To use the new WebAuthn feature a new table and two new columns in the User model are required.
To ease updates - Flask-Security will automatically create a fs_webauthn_user_handle
upon first use for existing users.
If you are using Alembic the schema migration is easy::

 op.add_column('user', sa.Column('fs_webauthn_user_handle', sa.String(length=64), nullable=True, unique=True))

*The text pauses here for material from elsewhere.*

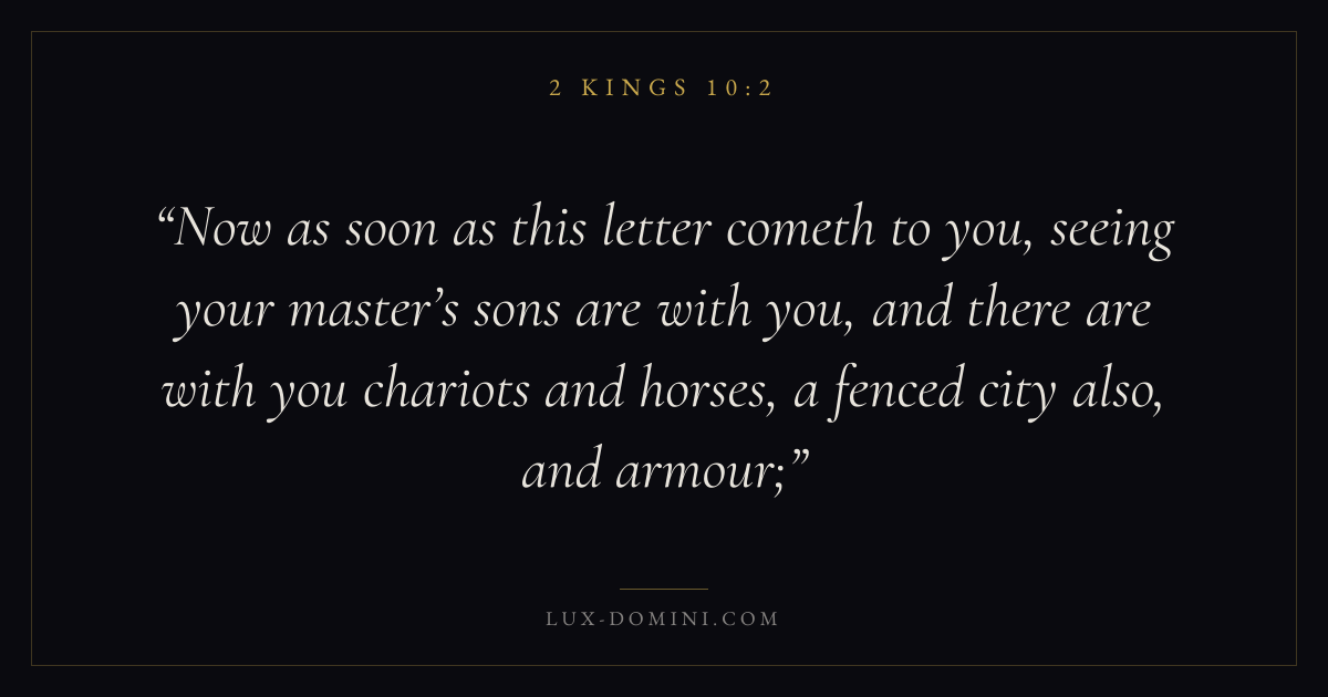 Now as soon as this letter cometh to you, seeing your master’s sons are with you, and there are with you chariots and horses, a fenced city also, and armour;

If you want to allow for empty passwords as part of registration then set :py:data:`SECURITY_PASSWORD_REQUIRED` to ``False``.
In addition you need to change your DB schema to allow the ``password`` field to be nullable.

4.1.5

-------------

Released July 28, 2022

Fixes
+++++
- (:pr:`644`) Fix test and other failures with newer Flask-Login/Werkzeug versions.

4.1.4

-------------

Released April 19, 2022

Fixes
+++++
- (:issue:`594`) Fix test failures with newer Flask versions.

4.1.3

-------------

Released March 2, 2022

Fixes
+++++
- (:issue:`581`) Fix bug when attempting to disable register_blueprint. (halali)
- (:pr:`539`) Fix example documentation re: generating localized messages. (kazuhei2)
- (:pr:`546`) Make roles joinedload compatible with SQLAlchemy 2.0. (keats)
- (:pr:`586`) Ship py.typed as part of package.
- (:issue:`580`) Improve documentation around use of bleach and include in common install extra.

4.1.2

-------------

Released September 22, 2021

Fixes
+++++
- (:issue:`526`) default_reauthn_handler doesn't honor SECURITY_URL_PREFIX
- (:pr:`528`) Improve German translations (sr-verde)
- (:pr:`527`) Fix two-factor sample code (djpnewton)

4.1.1

--------------

Released September 10, 2021

Fixes
+++++
- (:issue:`518`) Fix corner case where Security object was being reused in tests.
- (:issue:`512`) If USERNAME_ENABLE is set, change LoginForm field from EmailField
to StringField. Also - dynamically add fields to Login and Registration forms
rather than always having them - this made the RegistrationForm much simpler.
- (:issue:`516`) Improved username feature handling solved issue of always requiring
bleach.
- (:issue:`513`) Improve documentation of default username validation.

4.1.0

-------------

Released July 23, 2021

Features
++++++++
- (:issue:`474`) Add public API and CLI command to change a user's password.
- (:issue:`140`) Add type hints. Please note that many of the packages that flask-security
depends on aren't typed yet - so there are likely errors in some of the types.
- (:issue:`466`) Add first-class support for using username for signing in.

Fixes
+++++
- (:issue:`483`) 4.0 doesn't accept 3.4 authentication tokens. (kuba-lilz)
- (:issue:`490`) Flask-Mail sender name can be a tuple. (hrishikeshrt)
- (:issue:`486`) Possible open redirect vulnerability.
- (:pr:`478`) Improve/update German translation. (sr-verde)
- (:issue:`488`) Improve handling of Babel packages.
- (:pr:`496`) Documentation improvements, distribution extras, fix single message
override.
- (:issue:`497`) Improve cookie handling and default ``samesite`` to ``Strict``.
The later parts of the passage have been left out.